Mr. Cooper Group has struck a deal to acquire a third-party origination (TPO) platform and $356 billion in mortgage servicing rights (MSRs), advances and subservicing contracts from Flagstar Bank, owned by New York Community Bancorp (NYCB).
As part of the deal, the Dallas-based servicer and lender will pay $1.4 billion in cash, funded via available cash and drawdowns of existing MSR lines. The transaction, which will add 1.3 million customers to Mr. Cooper and improve NYCB’s capital level, is expected to close in the fourth quarter of 2024.
Mr. Cooper has opportunistically acquired business to grow its servicing portfolio, which reached $1.206 trillion in the second quarter of 2024, according to Securities and Exchange Commission (SEC) filings. The company acquired Home Point Capital and Roosevelt Management Co. in 2023.
“We have the operational capacity to onboard Flagstar’s customers with a smooth and positive experience, which will be our top priority,” Mr. Cooper chairman and CEO Jay Bray said in a statement. “We have long respected Flagstar as a mortgage servicer, and we feel very closely aligned with their cultural values.”
NYCB, which concluded a merger with Flagstar in December 2022 and acquired some of Signature Bank‘s assets, liabilities, and deposits from the Federal Deposit Insurance Corp. (FDIC) in March 2023, has faced a confidence crisis related to its commercial real estate portfolio.
The bank recently received a $1 billion equity investment from a group led by former U.S. Department of Treasury Secretary Steven Mnuchin’s private equity firm, Liberty Strategic Capital. To improve its capital and liquidity position, it also sold $5 billion in warehouse mortgages to JPMorgan Chase Bank, resulting in its exit from the mortgage warehouse lending space.
Flagstar employees were informed of the sale by its President of Mortgage Lee Smith late Wednesday afternoon in a call. Sources told HousingWire that 1,100 employees across three divisions will be offered the opportunity to join Mr. Cooper.
The pending transaction appears to be the largest mortgage M&A deal of the 2022-2024 cycle, and represents something of an exit for Flagstar, which has been a player in the TPO space since 1987.
Flagstar’s TPO business is largely correspondent, though it does also work with mortgage brokers.
NYCB expects the transaction to add 60 basis points to its CET1 capital ratio. The bank will continue to provide residential mortgage products to retail and private wealth customers though it will transition to a regional bank model.

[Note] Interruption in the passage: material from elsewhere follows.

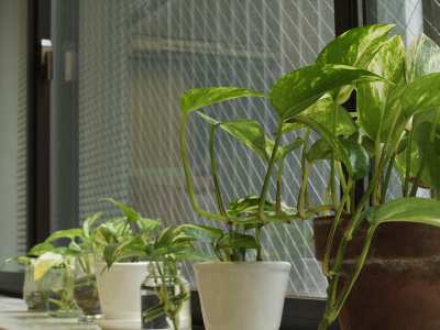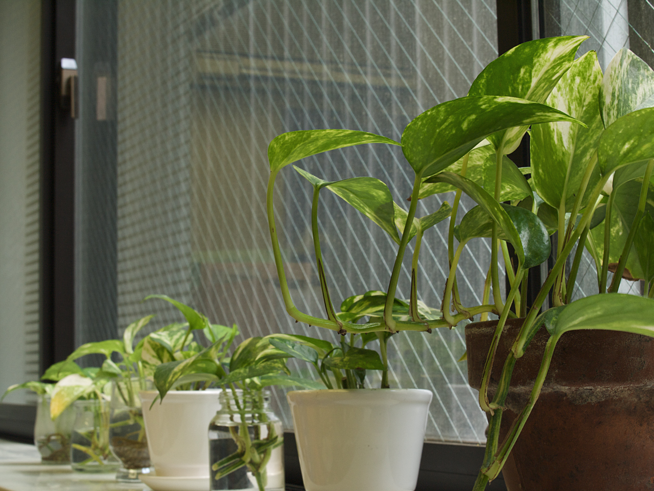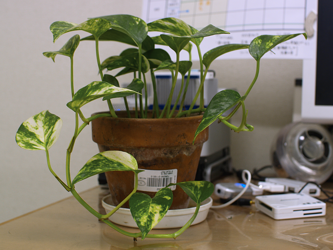 | 2008 06/29 13:26:20 本日はあまり出歩く暇が無いので 窓際の ポトス農場でも。 一年半前に実家より譲ってもらった鉢の 伸びすぎた分をジャム瓶などに株分けしていたら いつの間にか6つも増えてしまった。 下の写真はうちへ来た当時のもの。 OLYMPUS ZUIKO DIGITAL 35mm F3.5 Macro |

“While the mortgage servicing business has made significant contributions to the bank, we also recognize the inherent financial and operational risk in a volatile interest rate environment, along with increased regulatory oversight for such businesses,” NYCB’s chairman, president, and CEO Joseph M. Otting said in a statement.
Jefferies LLC is the financial advisor to NYCB in the transaction.